Suzana Vellinho Englert
Peço desculpas ao caro leitor. Diferentemente do que o título possa dar a entender, este artigo não é sobre apontar o dedo a alguém. Pelo contrário, é sobre colocar a mão na consciência — na minha e, quem sabe, na sua.
A vantagem de não ter nascido ontem é a capacidade de lembrar. Até agora, a grande referência de eventos climáticos foi a cheia de 1941. Lá se vão 83 anos de comparações com o fato que marcou gerações e mudou os rumos de Porto Alegre e outras cidades.
Alguém duvida que, a partir de agora, o grande marco de catástrofes naturais será 2024? Com o impacto de 90% dos municípios gaúchos, estamos diante de um fenômeno absolutamente paradigmal, que precisa ser avaliado em toda sua excepcionalidade. Caso contrário, o risco de cometermos injustiças é imenso.
Além de ter arrasado comunidades inteiras, as enchentes estão fazendo, por exemplo, o Aeroporto Salgado Filho — administrado por uma das mais competentes empresas multinacionais do setor — fechar suas portas até dezembro. Do mesmo modo, prédios erguidos por construtoras renomadas estão igualmente interditados. Muito mais do que discutir eventuais problemas de gestão, nossa energia deve estar em construir soluções diante de uma nova e dura realidade.

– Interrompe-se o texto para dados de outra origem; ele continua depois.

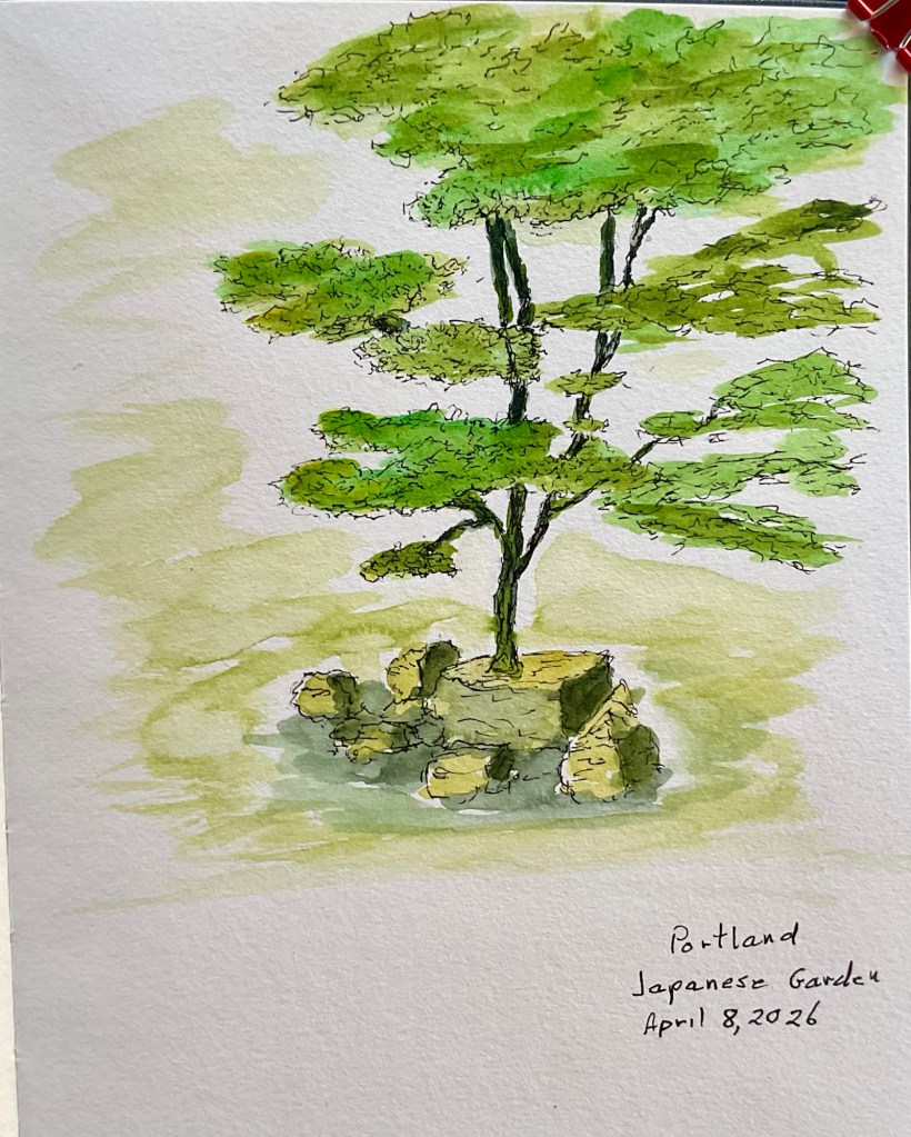 Another of Portland’s best gardens is the Japanese Garden at Washington Park. After a bit of exploring with Tricia I settled in next to the pond for a sketch.
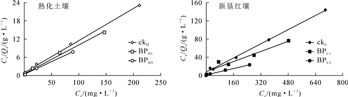 处理 pH CEC/(cmol·kg-1) ckH 6.01±0.01 d 5.10±0.13 e BPH1 6.18±0.02 c 8.33±0.40 c BPH5 6.48±0.02 a 13.37±0.25 a ckL 5.80±0.13 f 4.10±0.05 f BPL1 5.91±0.05 e 6.93±0.15 d BPL5 6.22±0.04 b 11.33±0.25 b 说明:不同小写字母表示处理间差异显著(P< 0.05) 表 3土壤对Pb2+的吸附等温模型参数
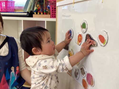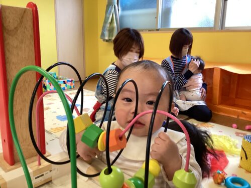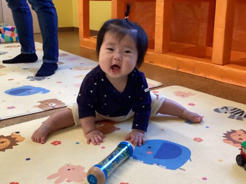興味のあるおもちゃに手を伸ばしたり、触ってみたりしながら、お部屋の散策を楽しみます♩

O prefeito de Porto Alegre tem buscado fazer o melhor, assim como outros prefeitos, o governador, os servidores e tantas outras lideranças. Nós todos, como sociedade, estamos fazendo tudo que está ao nosso alcance — milhares de herois anônimos se dedicaram a ajudar de maneira incansável e inspiradora. A sinergia dos resgates que salvaram vidas precisa seguir para a retomada.
A posição de crítico que algumas pessoas assumem se revela em passividade, enquanto a posição do colaborativo é propor soluções. Estamos propondo a resolução de um sistema. Não igual ao que era, mas, mediante as circunstâncias, de avaliarmos os parâmetros mais evoluídos dos que os vividos na enchente de 1941 e fazermos diferente. Afinal, que consciência social e ambiental queremos e devemos ter?
Antes de antecipar debates eleitorais ou aderir à sanha condenatória digital, sigamos trabalhando juntos. Além de inócuo — e, por vezes, injusto —, apontar culpados nos trava naquilo que é mais relevante neste momento: reconstruir, aprender, ter empatia e reinventar.
O ano de 2024 jamais será esquecido pela tragédia. Que seja também lembrado por ter sido um ano em que evoluímos tanto em nossa preparação para fenômenos naturais quanto em nossa capacidade de trabalhar juntos pelo interesse de todos.